Roasted Root Vegetables – the Food Network’s recipe is easy and can be done in advance. Substitute vegetables you have for ones in the recipe – turnips for parsnips, for example.
Remember that if you want to use your pumpkin for pie or muffins after Hallowe’en, you should decorate it in a way that doesn’t cut into the rind because that can lead to mold. When you do open your pumpkin, remember that the seeds can be seasoned and toasted into a crunchy snack. You can do the same with your winter squash seeds.
The Harvest Notes have some other suggestions, one that a member posted in her FB feed is for candied jalapeños that will work with the cayenne peppers we receive from Adamah.
This week the farmers from Adamah will bring jams, pickles, and other goodies for CSA members and friends to buy. The sales are not limited to CSA members so tell your friends and neighbors about the kosher treats they can enjoy.
Arugula can add tang to sandwiches or a peppery bite to salads. If it’s the salad itself use a strong dressing and balance with light and crunchy pear or apple.
For CSA members picking up this week, the farmers say we can expect to receive arugula, beets, lettuce, radishes, turnips, sage, scallions, and winter squash. Last week’s Harvest Notes suggest a way to cook winter squash with sage, you can also roast beets with sage. You can cook turnips in many ways, including with their tops (greens can be cooked separately) or roasted in wine and honey. If you still have potatoes from last week, mix them with turnips into fritters. Many of the other ingredients will go together into a salad; add some apples and toasted nuts for crunch, mild soft cheese if it will be part of a dairy meal, and maybe a simple apple cider vinaigrette.

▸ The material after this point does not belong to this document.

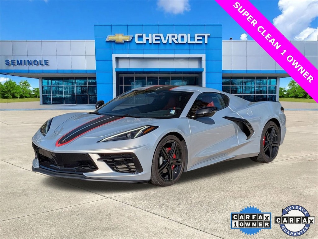 Carbon Flash Metallic Painted Outside Mirrors (Carbon Flash Metallic-Painted Outside Mirrors), Preferred Equipment Group 1LT, Chevrolet Certified Pre-Owned Certified, Navigation System, 10 Speakers, 4-Wheel Disc Brakes, 8-Way Power Driver Seat Adjuster, 8-Way Power Passenger Seat Adjuster, ABS brakes, Air Conditioning, Alloy wheels, AM/FM radio: SiriusXM, Auto High-beam Headlights, Auto-dimming Rear-View mirror, Automatic temperature control, Body-Color Removable Roof Panel, Brake assist, Bright Red-Painted Calipers, Bumpers: body-color, Compass, Delay-off headlights, Driver door bin, Driver vanity mirror, Dual front impact airbags, Dual front side impact airbags, Electronic Stability Control, Emergency communication system: OnStar and Chevrolet connected services capable, Four wheel independent suspension, Front anti-roll bar, Front Bucket Seats, Front Center Armrest, Front dual zone A/C, Front reading lights, Fully automatic headlights, GT1 Bucket Seats, Heated door mirrors, Illuminated entry, Leather Shift Knob, Leather steering wheel, Low tire pressure warning, Low-Profile Rear Spoiler & Front Splitter, Mulan Lthr Seating Surfaces w/Perforated Inserts, Occupant sensing airbag, Outside temperature display, Overhead console, Panic alarm, Passenger door bin, Passenger vanity mirror, Performance Exhaust w/Stainless-Steel Tips, Power door mirrors, Power driver seat, Power passenger seat, Power steering, Power windows, Premium audio system: Chevrolet Infotainment 3 Premium, Radio data system, Radio: Chevrolet Infotainment 3 Premium System, Rear anti-roll bar, Rear window defroster, Remote keyless entry, Speed control, Speed-sensing steering, Sport steering wheel, Steering wheel mounted audio controls, Tachometer, Telescoping steering wheel, Tilt steering wheel, Traction control, Trip computer, Turn signal indicator mirrors, Variably intermittent wipers, Voltmeter, Wheels: 19 x 8.5 Fr/20 x 11 Rr Bright Silver, and Wheels: 19 x 8.5 Fr/20 x 11 Rr Sterling Silver.

This week’s Harvest Notes talk about the winter squash we received. At pickup we talked about a simple way to integrate sage: Peel and cube the flesh of the squash, toss with a bit of oil, and spread in a baking pan with chopped or whole sage leaves, and roast for about 20 minutes at 400-450(F). If you like, roast the squash cubes for half the time, then add the sage for a fresher taste. You can also halve the squash, partially roast it cut-side down, then flip up and stuff with whatever you like and finish the roasting. This can be a way to “refresh” leftover starch and vegetables, with a mix of rice or quinoa or barley and whatever else. Try adding some of the sweet pepper or other veggies from the share, too.
Isn’t it great to be able to eat freshly harvested vegetables in our sukkot? This week the farmers think we will receive broccoli or romanesco (also known as “alien broccoli” or “fractal broccoli”), onions, peppers, potatoes, salad mix (remember it from the spring?), sage, and winter squash.
Romanesco broccoli may look alien, but it tastes like a milder version of regular broccoli. You can eat it raw or cooked.
The Harvest Notes include a recipe for stuffed acorn squash and tell you how to roast the seeds, and there’s a bonus recipe for asian salad that uses many of the items in our share.
Because of the holiday, pickup will be on TUESDAY this week. The farmers think you will receive kale or chard, kohlrabi, onions, parsley or cilantro, peppers, potatoes, winter squash, and maybe salad.
Squash becomes richly flavoured in the Classic Baked Acorn Squash recipe from Simply Recipes.